For some time before that, Lockyer told The Times, Goldman had "regularly urged" California to trade in the municipal swaps itself, ostensibly to hedge the state's risks as a bond issuer. Lockyer refused.
The trading strategy that Goldman pitched to institutional investors was apparently crafted in the spring and summer. The company may have hoped to parlay the swaps market into more activity in municipal bond trading, which is traditionally light because muni investors tend to hold the bonds to maturity.
Theoretically, the swaps index could lure speculators into the muni market, a development that would create much more fluctuation in daily prices, which in turn would generate revenue for trading desks at Goldman and other investment firms.
Lockyer and Rosenstiel said they became aware of the introduction of the muni swaps index but had not detected an effect on trading or pricing of California bonds.
But they also said the market was so complex, and the conditions affecting municipal bond prices so numerous, that it might be difficult to identify any specific cause for a given price change in California debt issues.
"The existence of the credit default swap market in muni bonds has the potential to hurt muni issuers," Rosenstiel said, "but it also has the potential to help muni issuers, and I don't think we have enough experience to know which is which."
He acknowledged that it was not unusual for a full-service investment firm such as Goldman Sachs to have to navigate among potential conflicts of interest.
"Investment banks bring issuers and investors together," he said. "Securities law has recognized the potential for a conflict of interest in playing both roles."
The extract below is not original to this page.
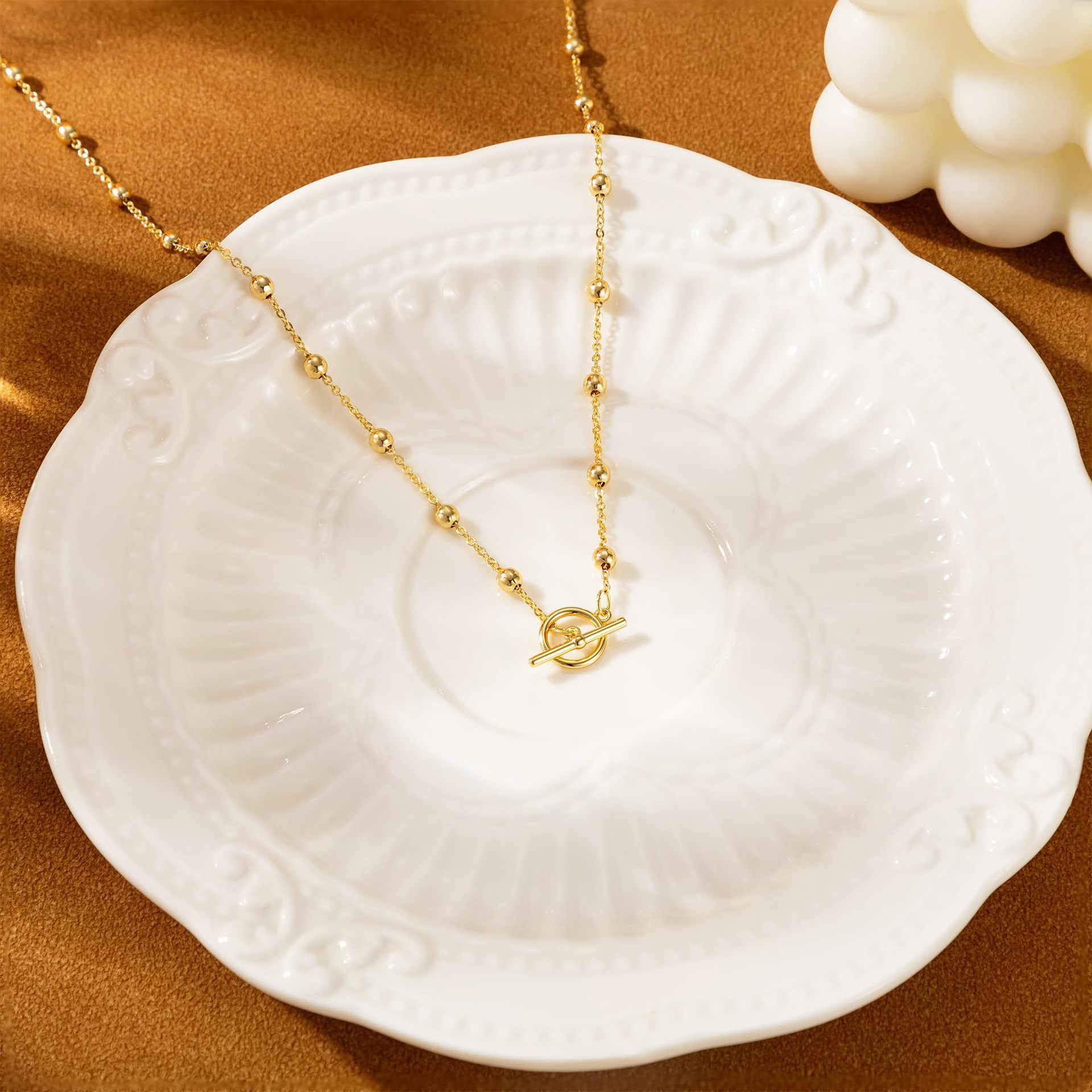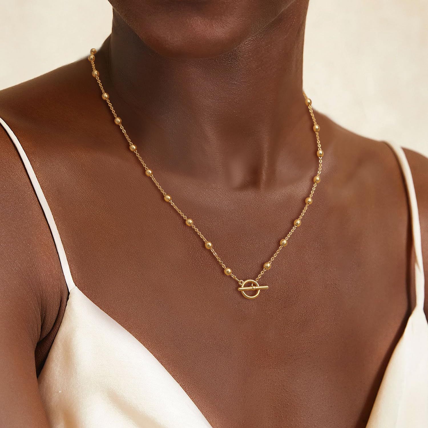 2025 Новинка Amazon: персонализированное ожерелье с зажимом OT, многослойное металлическое ожерелье с шариковой цепочкой, женская цепочка на ключицу

Under the law, the solution is for the parts of the firm dealing with either side to be isolated from each other so that information does not improperly flow between them to benefit one set of clients more than another. There is no evidence that the wall was breached in this case. Assuming such protection was in place, Lockyer said that fear of market manipulation was unfounded.
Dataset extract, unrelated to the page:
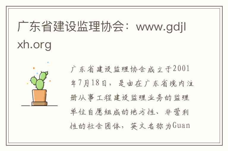 广东省建设监理协会成立于2001年7月18日,是由在广东省境内注册从事工程建设监理业务的监理单位自愿组成的地方性、非营利性的社会团体,英文名称为Guangdong Province Association of Engineering Consultants,缩写为GPAEC 。协会登记管理机关为广东省民政厅,并接受广东省住房和城乡建设厅等相关政府职能部门的业务指导 。其信用代码为514400007287591914 。

Still, Heal said he was surprised by Goldman's actions. "Goldman Sachs has a reputation as behaving in a responsible manner . . . and I don't think this is consistent with their traditions," he said.
"States are going to have to cut back on education, social services, a whole range of things because of the lack of credit. This is not just a Wall Street thing. This is going to affect the lives of less affluent people in the states that are affected."
In any case, there are signs that the muni swap index has been a bust. Tom Graff, managing director of Baltimore-based Cavanaugh Capital Management, said that by the end of August the index had failed to attract much business. It was destined "for oblivion," he said, in part because muni defaults were so rare.
Lifsher, a Times staff writer, reported from Sacramento, and staff writer Hiltzik reported from Los Angeles.